Our results of operations and financial condition depend upon our ability to
assess accurately the potential losses associated with the risks that we insure
and reinsure. To the extent actual claims continue to exceed our expectations,
we will be required to immediately recognize the less favorable experience. This
could cause a material increase in our liabilities and a reduction in our
profitability, including an operating loss and reduction of capital in the
period in which such action occurs.

The effects of emerging claim and coverage issues on our business are uncertain.

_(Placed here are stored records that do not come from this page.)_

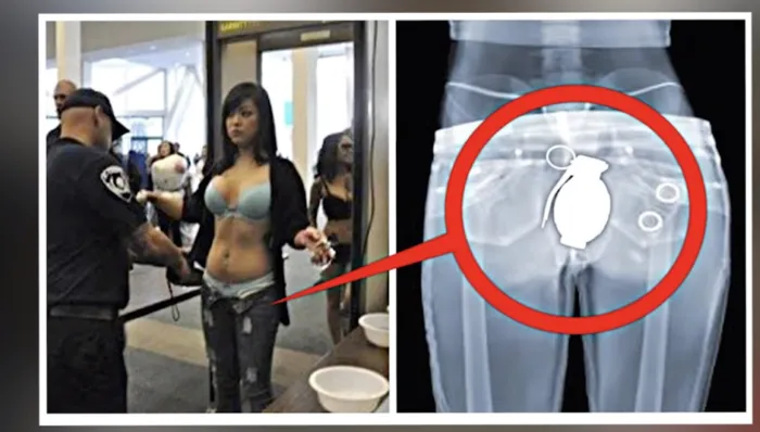Существует сканер и для людей, его ещё называют “голый сканер”. Он работает за счёт применения двух видов излучения и через него сотрудники службы досмотра и безопасности видят все предметы очень детально. Тому доказательство — фото, на нём видно, что женщина пыталась перенести в себе гранату. Возникает только вопрос — зачем?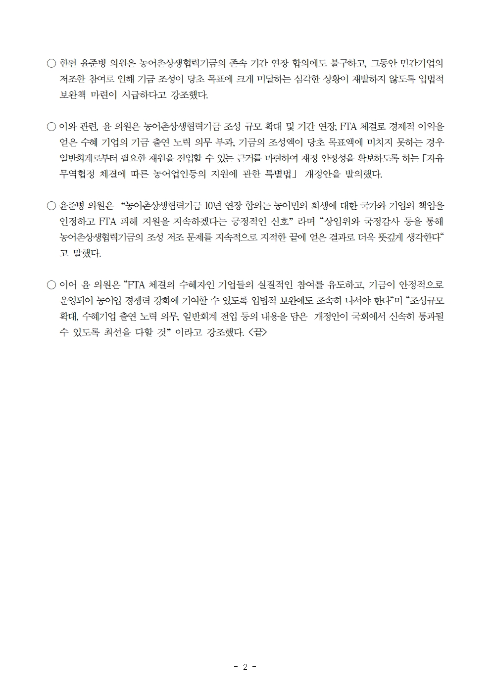 [윤준병 의원 국정감사 보도자료] 농어촌상생협력기금 10년 연장 합의 환영!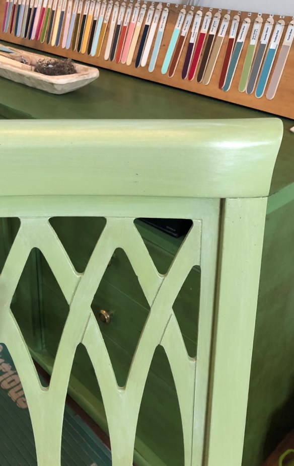 Our Missouri Limestone Paint Company Chalk-Style Paint … Sour Green Apples … a wash of January … champagne glaze ….sealed with Varathane Polyurethane.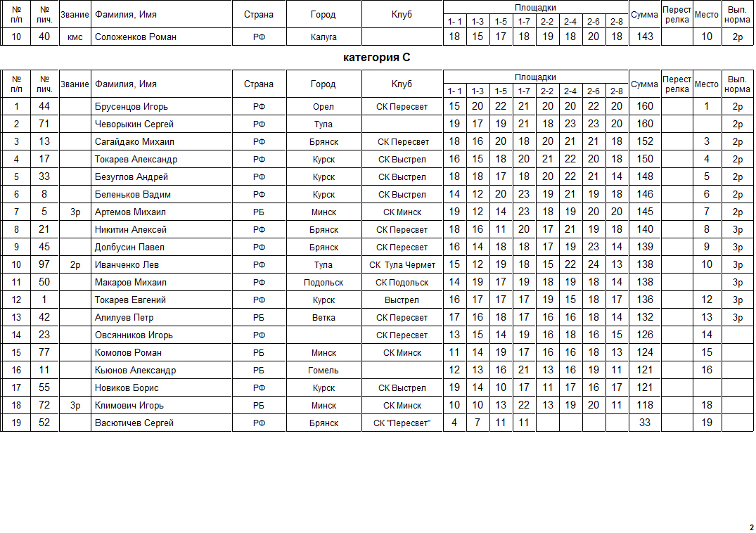 Программа соревнований - 200 мишеней.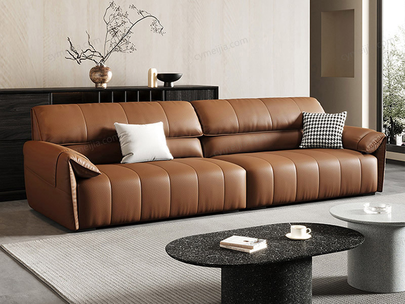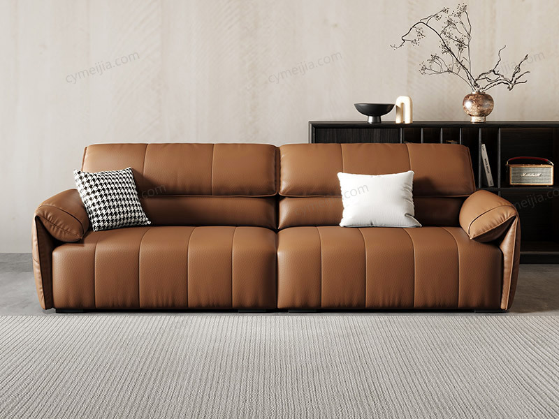 | 产品材质 : | 接触面进口头层黄牛皮+羽绒头枕/扶手包+高密度海绵+四面刨光桉木方加松木方+进口4.0蛇形弹簧+加宽橡筋 |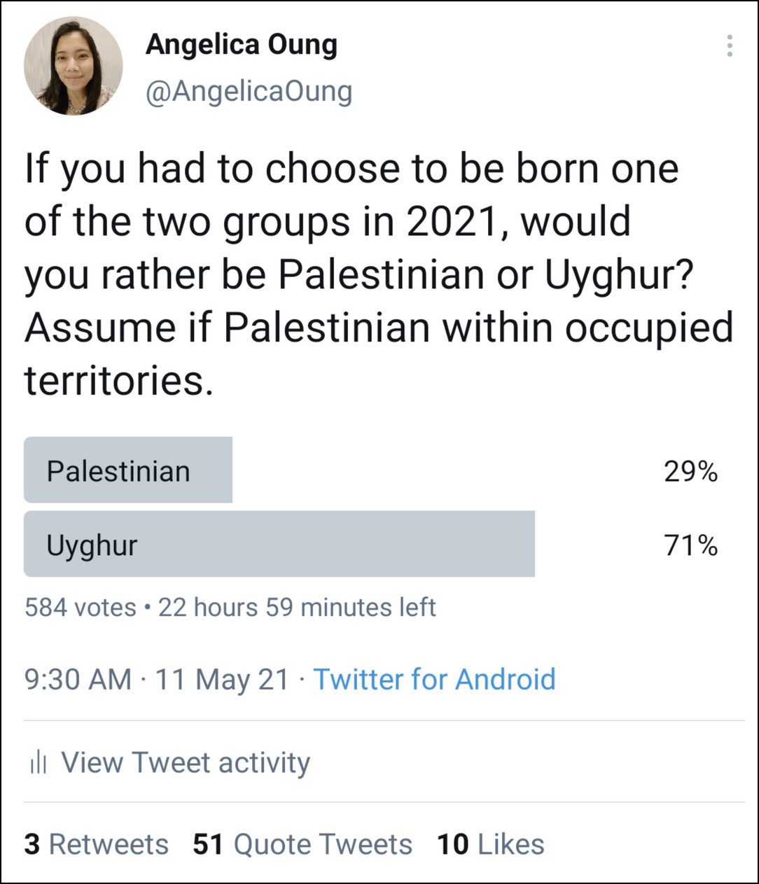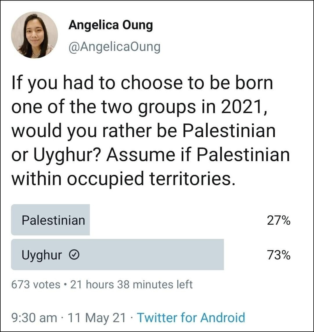 5月11日上午,Angelica Oung發推做了一個很是耐人尋味的調查:詢問網友在今天是更願意成為巴勒斯坦人還是維吾爾族人。她特別強調,這裏的巴勒斯坦人生活在“被佔領地區”,即以色列實際控制區域內。

As industry practices and legal, judicial, social and other environmental
conditions change, unexpected and unintended issues related to claims and
coverage may emerge. These issues may adversely affect our business by either
extending coverage beyond our underwriting intent or by increasing the number or
size of claims. In some instances, these changes may not become apparent until
some time after we have issued insurance or reinsurance contracts that are
affected by the changes. As a result, the full extent of liability under our
insurance or reinsurance contracts may not be known for many years after a
contract is issued.


38


The regulatory system under which we operate, and potential changes thereto,
could have a material adverse effect on our business.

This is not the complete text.